Sonderschichten mit Rafael Benitez
Das war 2017 und nun waren sie auch im Ausland aufmerksam geworden auf ihn. Newcastle United, Juventus Turin und Salzburg klopften an. Dem Traum vom grossen Fussball kam Touré einen Schritt näher, als er 2018 in die Nachwuchsakademie von Newcastle wechselte und dort im ersten Jahr als Spieler der zweiten Mannschaft (U23) auch regelmässig mit den Profis mittrainieren konnte. Rafael Benitez, der Champions-League-Sieger, war damals Trainer bei den «Magpies» und hielt einiges von Touré. Er förderte ihn. «Oft blieb er mit mir nach den Trainings noch etwas länger auf dem Platz und gab mir Tipps», erzählt Touré.
Aber Touré stand bei Newcastle United, damals noch nicht im Besitz eines saudischen Staatsfonds, bloss auf der Startrampe. Durchstarten konnte er nicht. Nach einem Jahr wurde Benitez entlassen, sein Nachfolger Steve Bruce fand für die Nachwuchsspieler keinen Platz in der Trainingsgruppe.
Und vor allem kam dann auch noch Corona. Lockdown, keine Trainings, abgebrochene Meisterschaft. «Einmal am Tag durften wir nach draussen gehen, um zu joggen», erzählt Touré. «Tragisch war das nicht. Als Fussballer geht man nicht oft in den Ausgang oder reist herum. Man bleibt zuhause, erholt sich.» Aber er denkt auch: «Es kann sein, dass meine Karriere anders verlaufen wäre ohne die Lockdowns. In England waren sie länger und härter als in der Schweiz.»
Doch Touré, der junge Mann für den aufzugeben nie eine Option ist, schaut nicht gerne zurück. Lieber richtet er den Blick nach vorne, auf die kommenden Aufgaben mit dem FC Aarau. Morgen Abend in Thun, gegen seinen Ex-Klub, dürfte er aufgrund der Sperre von Mittelstürmer Shkelqim Demhasaj von Beginn weg spielen. Und auch wenn er den Traum von einer grossen Karriere, von einer grossen Liga noch nicht aufgegeben hat (Stichwort: nicht aufgeben), will er Schritt für Schritt gehen. «Möglichst regelmässig spielen für Aarau, konstante Leistungen zeigen. Und natürlich der Mannschaft mit Toren helfen», so umschreibt er das.
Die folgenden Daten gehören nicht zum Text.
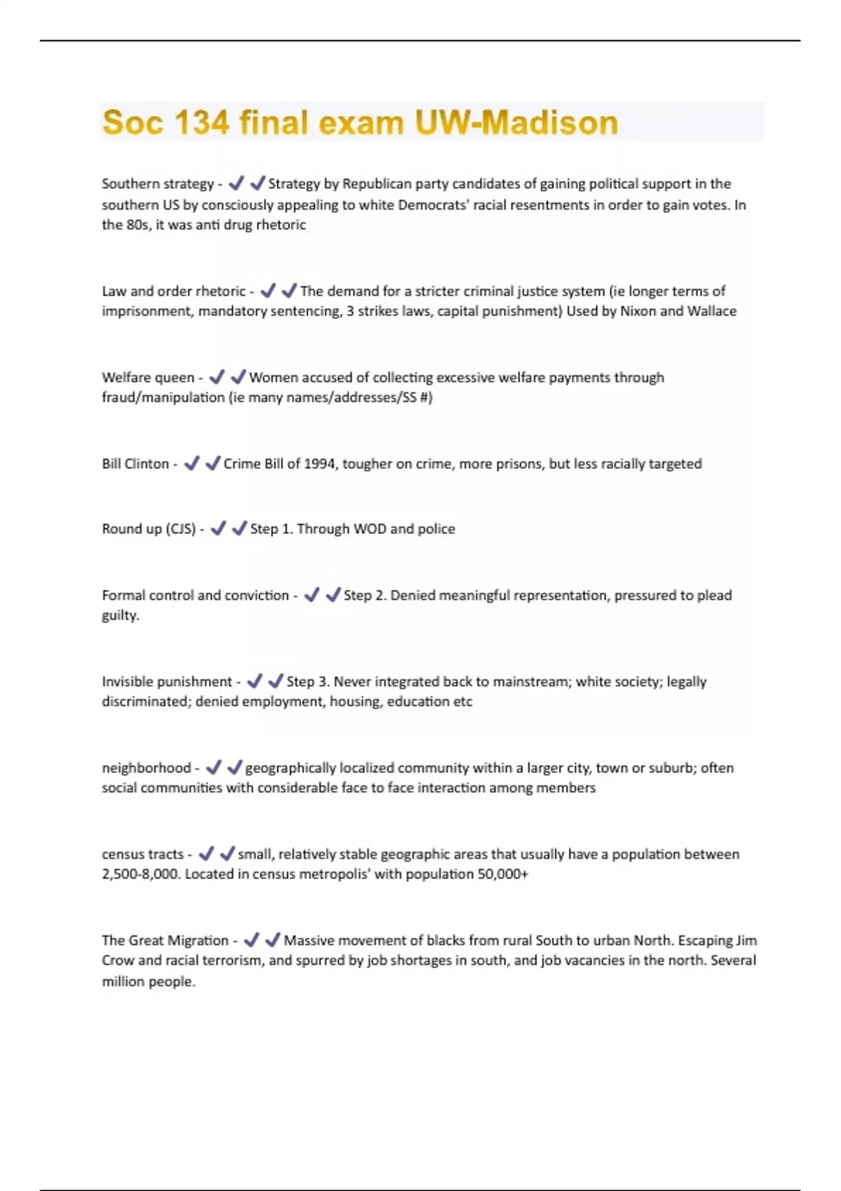 Southern strategy - Strategy by Republican party candidates of gaining political support in the southern US by consciously appealing to white Democrats' racial resentments in order to gain votes. In the 80s, it was anti drug rhetoric Law and order rhetoric - The demand for a stricter criminal justice system (ie longer terms of imprisonment, mandatory sentencing, 3 strikes laws, capital punishment) Used by Nixon and Wallace Welfare queen - Women accused of collecting excessive welfare payments through fraud/manipulation (ie many names/addresses/SS #) Bill Clinton - Crime Bill of 1994, tougher on crime, more prisons, but less racially targeted Round up (CJS) - Step 1. Through WOD and police Formal control and conviction - Step 2. Denied meaningful representation, pressured to plead guilty. Invisible punishment - Step 3. Never integrated back to mainstream; white society; legally discriminated; denied employment, housing, education etc neighborhood - geographically localized community within a larger city, town or suburb; often social communities with considerable face to face interaction among members census tracts - small, relatively stable geographic areas that usually have a population between 2,500-8,000. Located in census metropolis' with population 50,000+ The Great Migration - Massive movement of blacks from rural South to urban North. Escaping Jim Crow and racial terrorism, and spurred by job shortages in south, and job vacancies in the north. Several million people.Ghetto - a part of the city that is exclusively inhabited by members of one racial/ethnic group. Origins: many nonwhites denied loans Advanced marginality - Redlining - the practice of denying mortgage loans for homes to nonwhite residents of poor inner city neighborhoods. Financial institutions would literally draw a red line around neighborhoods Racially restrictive covenants - Contractual agreements between homeowners that prohibited purchase and sale by African Americans White flight and its causes - Moved out to suburbs in 1950s. This increased with deindustrialization and Civil rights movement Fair Housing Act - 1968. Prohibited discrimination in sale, rental, and financing of housing based on race, religion, etc Chicago Open House movement - Led by MLK and others, many demands including open housing and other basic equities Index of dissimilarity - a measure of segregation between two groups, with 0 being total integration, 100 being total segregation. Doesn't mean equal proportions, but equally spread out. Index of isolation - Measure of tendency for members of one group to live in neighborhoods where their share of the population is above the citywide average Food desert - Large geographic area where mainstream grocery stores are scarce or missing Booker T Washington - Atlanta Compromise, industrial education should develop better trained laborersWEB Dubois - NAACP, equal education, "talented tenth". Opposed Atlanta Compromise Atlanta Compromise - 1895. Agreement between BTWashington/other black leaders and southern white leaders. Southern blacks would work and submit to white rule while whites made sure blacks received basic education. Blacks would not agitate for equality, integration, justice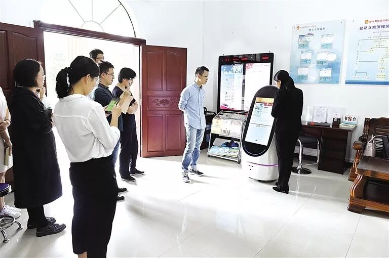 ,一个可以自行移动、原地转圈、业务能力强、能听会说、服务热情的“陵家妹妹”引起了大家的注意。它有着呆萌的水滴形外观,身高1.4米,拥有200万像素摄像头,支持人脸识别功能。“陵家妹妹”卡通衣着黎锦服饰,这是该院近日上岗的“新导诉员”——新生代智能导诉机器人“陵家妹妹”。它作为一款应用于司法服务的智能机器人,依托强大的多能力融合及大数据处理能力,已具备分流引导、业务咨询、法律查询、定点讲解等多种功能,可完成电子读报、语音唤醒、虚拟导诉、自动寻路及规避障碍物等行为。采用人工智能引擎,充分运用“互联网+”手段,做到了法律知识自主学习和个性化交流互动。无论当事人提问是否专业,“陵家妹妹”总能有效打破知识的局限和沟通的障碍,耐心地引导并提供服务咨询,满足当事人的需求。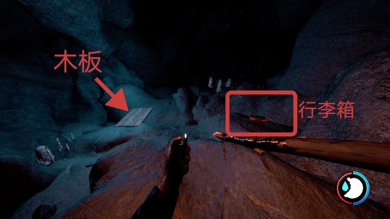 地上有 木板,是指引(會看到一個深棕色行李箱,裏面有衣服)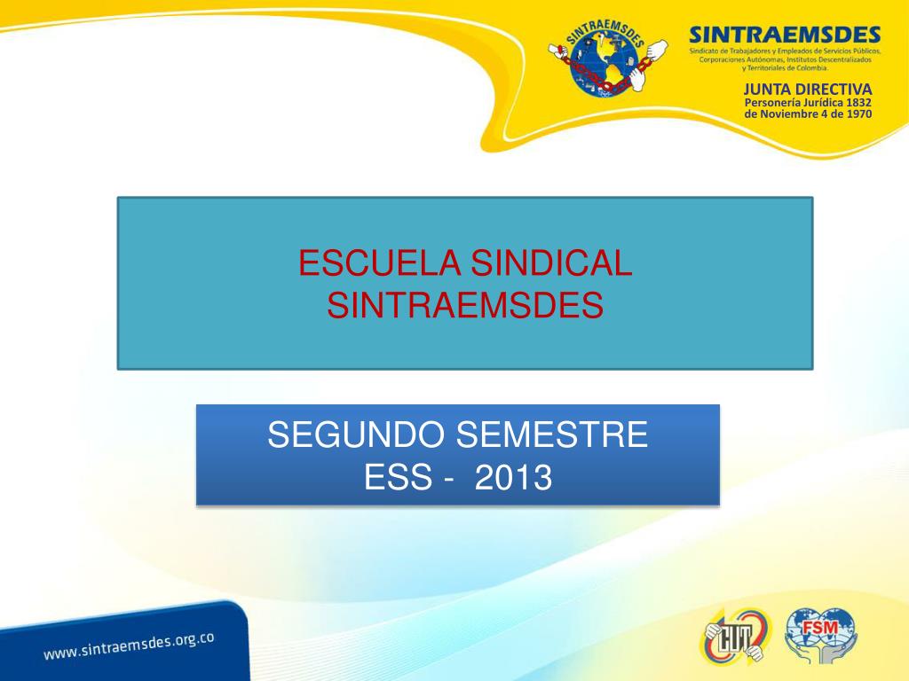 ESCUELA SINDICAL SINTRAEMSDES – ESS - 2013 JUNTA DIRECTIVA Personería Jurídica 1832 de Noviembre 4 de 1970 SECRETARÍA DE EDUCACIÓN Y BIENESTAR SOCIAL SINTRAEMSDES NACIONAL PRIMER SEMESTRE 2013

Tore, viele Tore. Das mag gerade ein ambitioniertes Ziel sein für einen, der am letzten Samstag seinen ersten Treffer seit anderthalb Jahren erzielte. Doch wenn man auf Tourés Karriere blickt, sieht man nicht bloss Verletzungen und langwierige Corona-Lockdowns. Als er in der Rückrunde 2021/22 für einmal während Monaten verletzungsfrei blieb, schoss er für den FC Wil in 17 Spielen sieben Tore. Vielleicht hat Touré gegen Nyon Anlauf genommen für eine ähnliche Serie mit dem FC Aarau.